### EXERCISE
Find the line with "Imagine a Universității din Cairo" in the records below. Copy it and every line after it, up to and including the line with "Pe de altă parte, autorii".

═════ MATERIALS PROVIDED

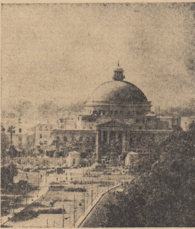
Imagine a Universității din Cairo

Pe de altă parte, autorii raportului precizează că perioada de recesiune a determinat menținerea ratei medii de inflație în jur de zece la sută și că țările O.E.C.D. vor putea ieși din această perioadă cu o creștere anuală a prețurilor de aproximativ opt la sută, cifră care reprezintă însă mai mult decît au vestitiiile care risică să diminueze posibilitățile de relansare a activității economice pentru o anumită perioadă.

══════════
═════ MATERIALS PROVIDED

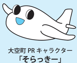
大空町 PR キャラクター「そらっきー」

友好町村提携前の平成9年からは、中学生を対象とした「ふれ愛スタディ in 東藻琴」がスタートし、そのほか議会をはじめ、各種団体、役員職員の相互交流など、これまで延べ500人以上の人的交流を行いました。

══════════

### WRITTEN REPLY
Imagine a Universității din Cairo

Pe de altă parte, autorii raportului precizează că perioada de recesiune a determinat menținerea ratei medii de inflație în jur de zece la sută și că țările O.E.C.D. vor putea ieși din această perioadă cu o creștere anuală a prețurilor de aproximativ opt la sută, cifră care reprezintă însă mai mult decît au vestitiiile care risică să diminueze posibilitățile de relansare a activității economice pentru o anumită perioadă.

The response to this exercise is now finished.